I have written a script that scrapes a URL. It works fine on Linux OS. But i am getting http 503 error when running on Windows 7. The URL has some issue. I am using python 2.7.11 . Please help. Below is the script:
import sys # Used to add the BeautifulSoup folder the import path
import urllib2 # Used to read the html document
if __name__ == "__main__":
### Import Beautiful Soup
### Here, I have the BeautifulSoup folder in the level of this Python script
### So I need to tell Python where to look.
sys.path.append("./BeautifulSoup")
from bs4 import BeautifulSoup
### Create opener with Google-friendly user agent
opener = urllib2.build_opener()
opener.addheaders = [('User-agent', 'Mozilla/5.0')]
### Open page & generate soup
### the "start" variable will be used to iterate through 10 pages.

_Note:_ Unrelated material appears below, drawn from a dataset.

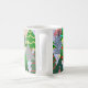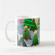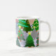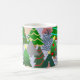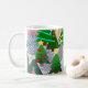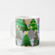 Esta caneca tem uma design de árvores de Natal em vários tons de verde, rosa, prata e ouro com diferentes decorações.

for start in range(0,1000):
url = "http://www.google.com/search?q=site:theknot.com/us/&start=" + str(start*10)
page = opener.open(url)
soup = BeautifulSoup(page)
### Parse and find
### Looks like google contains URLs in <cite> tags.
### So for each cite tag on each page (10), print its contents (url)
file = open("parseddata.txt", "wb")
for cite in soup.findAll('cite'):
print cite.text
file.write(cite.text+"\n")
# file.flush()
# file.close()
In case you run it in windows 7, the cmd throws http503 error stating the issue is with url. The URL works fine in Linux OS. In case URL is actually wrong please suggest the alternatives.